Data Reshaping in R Programming
Last Updated :
01 Aug, 2023
Generally, in R Programming Language, data processing is done by taking data as input from a data frame where the data is organized into rows and columns. Data frames are mostly used since extracting data is much simpler and hence easier. But sometimes we need to reshape the format of the data frame from the one we receive. Hence, in R, we can split, merge and reshape the data frame using various functions.

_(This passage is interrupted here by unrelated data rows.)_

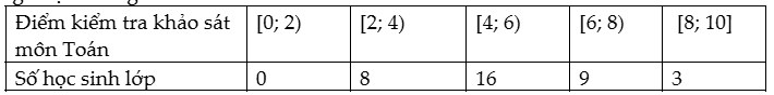 Câu 4: Điểm kiểm tra cuối kỳ I môn Toán của 36 học sinh lớp 12D1 tại một trường THPT được ghi lại ở bảng sau:
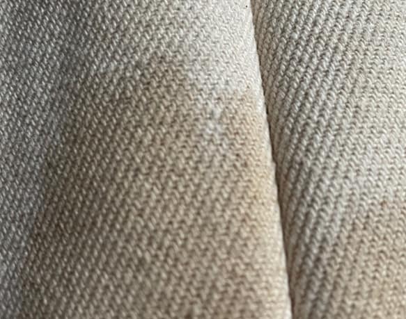 コットンや麻などの天然繊維は、黄変と呼ばれる黄ばみになりやすい素材です。特にキナリや淡色などは黄ばみが目立ちます。生地に付着した汚れやホコリの蓄積が酸化することで、黄変が進行します。そのため、表面を清潔に保つことや、酸化の進行を早める高温多湿の場所には保管しないなどの対策が必要です。
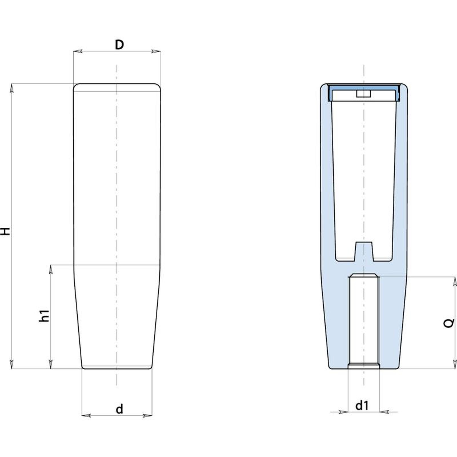 | Code | art. | H | D | d | h1 | d1 | Q | Weight (g) |
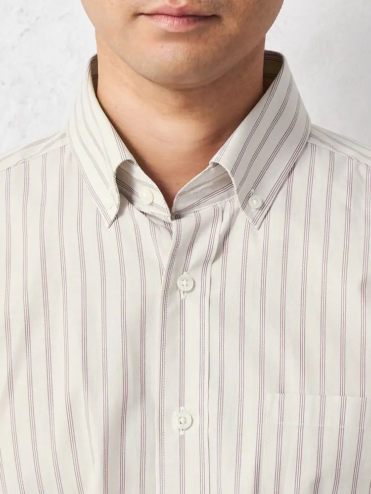 無地にはないおしゃれな雰囲気ただようストライプ柄の綿100% ビジカジシャツは、遠目にも存在感を発揮します。
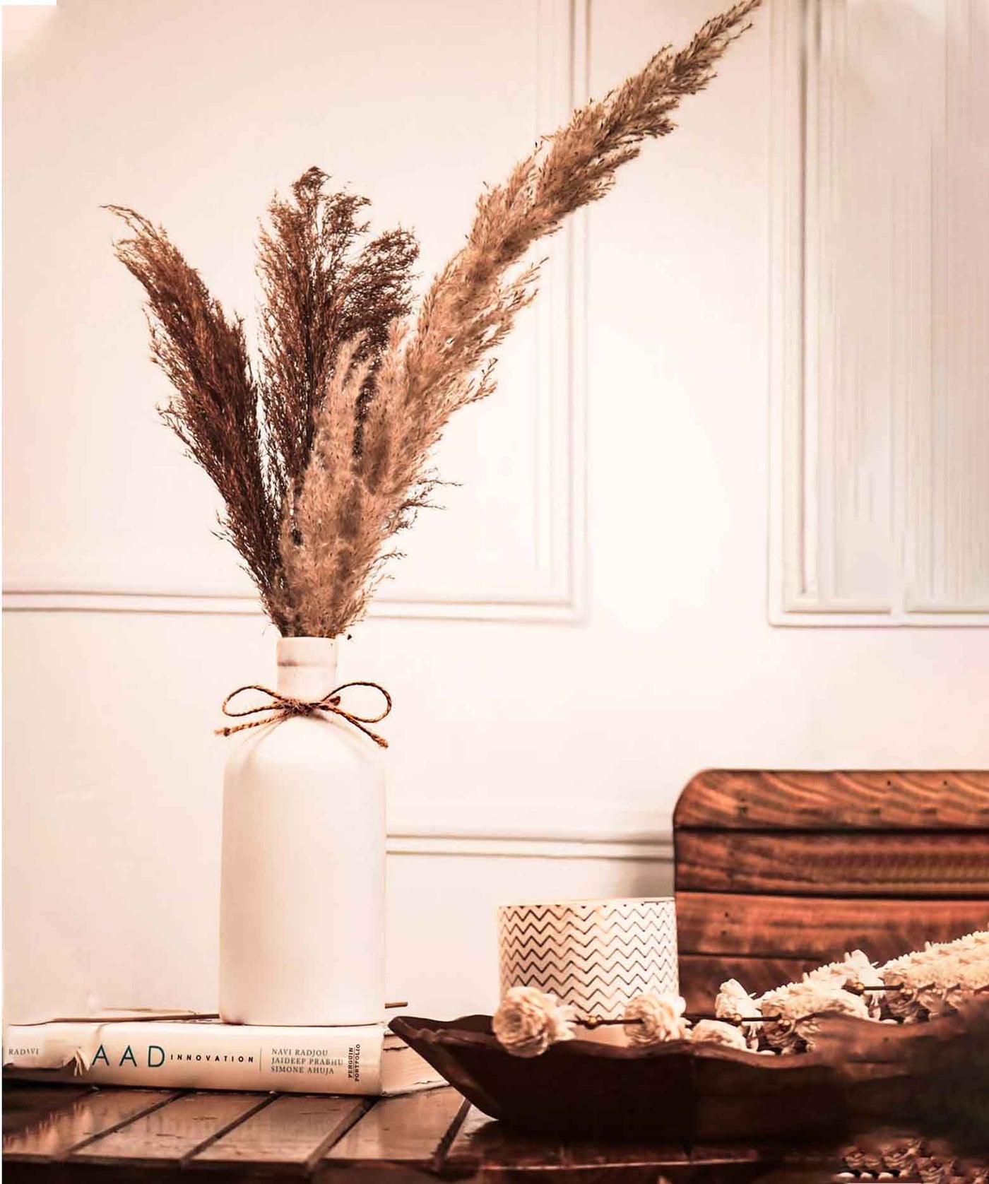Stylish Set Of 3 Unique Shapes: This Set Includes Three Distinct Vases In A Matte White Finish With Rustic Twine Accents, Perfect For Enhancing Your Home Decor. The Shapes Include A Tall Cylindrical Vase, A Rounded Vase, And A Uniquely Sculpted Vase To Add Artistic Charm To Any Space.

The various forms of reshaping data in a data frame are:
- Transpose of a Matrix
- Joining Rows and Columns
- Merging of Data Frames
- Melting and Casting
Why R – Data Reshaping is Important?
While doing an analysis or using an analytic function, the resultant data obtained because of the experiment or study is generally different. The obtained data usually has one or more columns that correspond or identify a row followed by a number of columns that represent the measured values. We can say that these columns that identify a row can be the composite key of a column in a database.
Transpose of a Matrix
We can easily calculate the transpose of a matrix in R language with the help of the t() function. The t() function takes a matrix or data frame as an input and gives the transpose of that matrix or data frame as its output.
Syntax:
t(Matrix/ Data frame)
Example:
R
first <- matrix ( c (1:12), nrow=4, byrow= TRUE )

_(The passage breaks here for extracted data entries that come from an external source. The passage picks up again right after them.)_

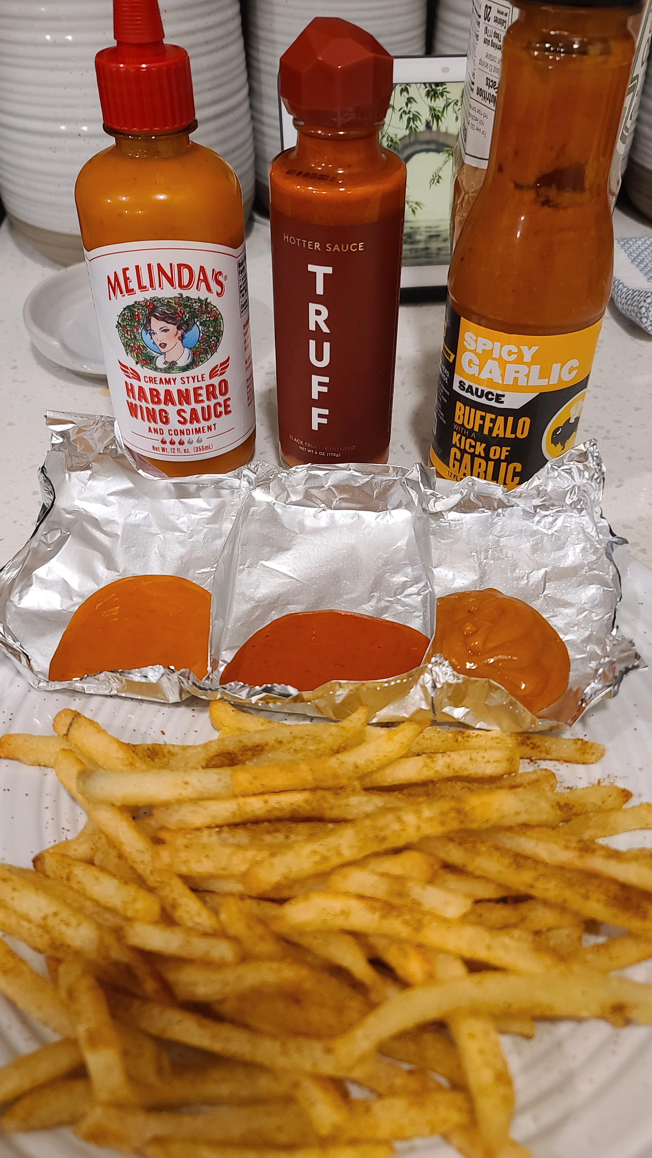 My ingenious idea for my hot sauce boat… Foil! Also some of my favorite sauces đŸ™‚ Chilichili foodChili RecipesRecipeRedditReddit SpicySpicyspicy foodspicy recipes
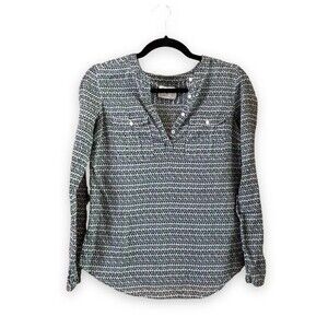 Anthropologie Holding Horses Navy Blue White Printed Popover Roll Tab Top Artsy Unique
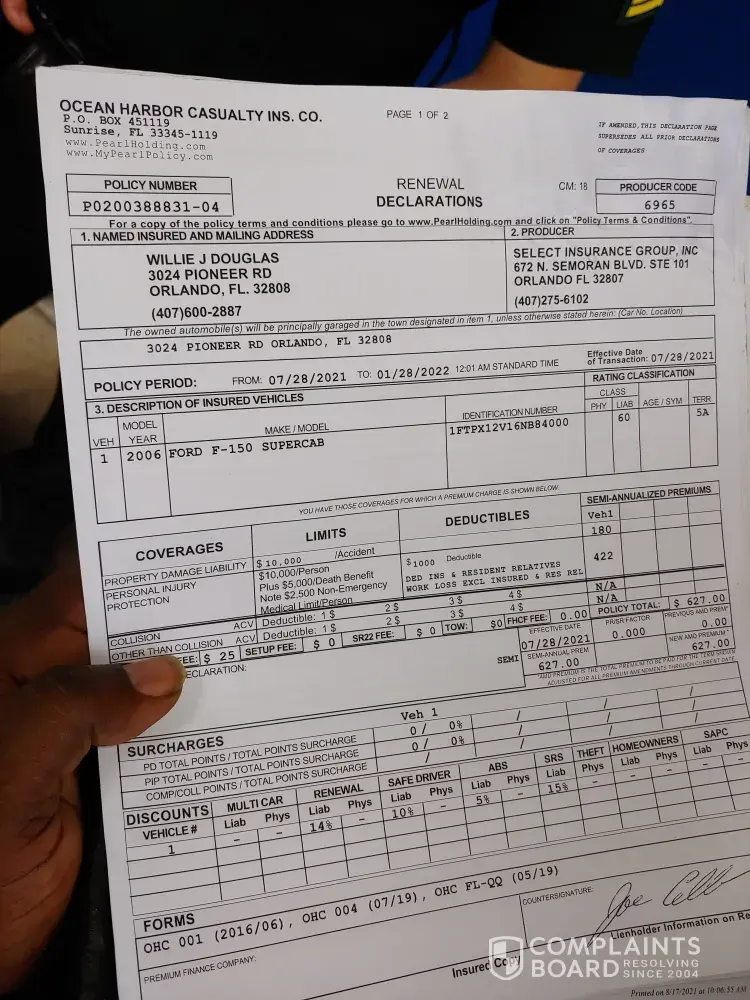 i can't believe how many names of complaints are on the internet about ocean harbor auto insurance.
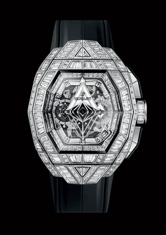 O relógio também vem em duas outras variações: Sang Bleu High Jewellery. Fabricados em King Gold 18 quilates ou ouro branco 18 quilates, cada relógio é engastado com 243 diamantes no total, o que equivale a 13,6 quilates. Diamantes lapidados em baguete adornam a caixa, a luneta, o mostrador e o fecho nas pulseiras de borracha preta lisa.

print ( "Original Matrix" )
first
first <- t (first)
print ( "Transpose of the Matrix" )
first
|
Output:
[1] "Original Matrix"
[,1] [,2] [,3]
[1,] 1 2 3
[2,] 4 5 6
[3,] 7 8 9
[4,] 10 11 12
[1] "Transpose of the Matrix"
[,1] [,2] [,3] [,4]
[1,] 1 4 7 10
[2,] 2 5 8 11
[3,] 3 6 9 12
Joining Rows and Columns in Data Frame
In R, we can join two vectors or merge two data frames using functions. There are basically two functions that perform these tasks:
cbind():
We can combine vectors, matrix or data frames by columns using cbind() function.
Syntax: cbind(x1, x2, x3)
where x1, x2 and x3 can be vectors or matrices or data frames.
rbind():
We can combine vectors, matrix or data frames by rows using rbind() function.
Syntax: rbind(x1, x2, x3)
where x1, x2 and x3 can be vectors or matrices or data frames.
Example:
R
name <- c ( "Shaoni" , "esha" , "soumitra" , "soumi" )
age <- c (24, 53, 62, 29)
address <- c ( "puducherry" , "kolkata" , "delhi" , "bangalore" )
info <- cbind (name, age, address)
print ( "Combining vectors into data frame using cbind " )
print (info)
newd <- data.frame (name= c ( "sounak" , "bhabani" ),
age= c ( "28" , "87" ),
address= c ( "bangalore" , "kolkata" ))
new.info <- rbind (info, newd)
print ( "Combining data frames using rbind " )
print (new.info)
|
Output:
[1] "Combining vectors into data frame using cbind "
name age address
[1,] "Shaoni" "24" "puducherry"
[2,] "esha" "53" "kolkata"
[3,] "soumitra" "62" "delhi"
[4,] "soumi" "29" "bangalore"
[1] "Combining data frames using rbind "
name age address
1 Shaoni 24 puducherry
2 esha 53 kolkata
3 soumitra 62 delhi
4 soumi 29 bangalore
5 sounak 28 bangalore
6 bhabani 87 kolkata
Merging two Data Frames
In R, we can merge two data frames using the merge() function provided both the data frames should have the same column names. We may merge the two data frames based on a key value.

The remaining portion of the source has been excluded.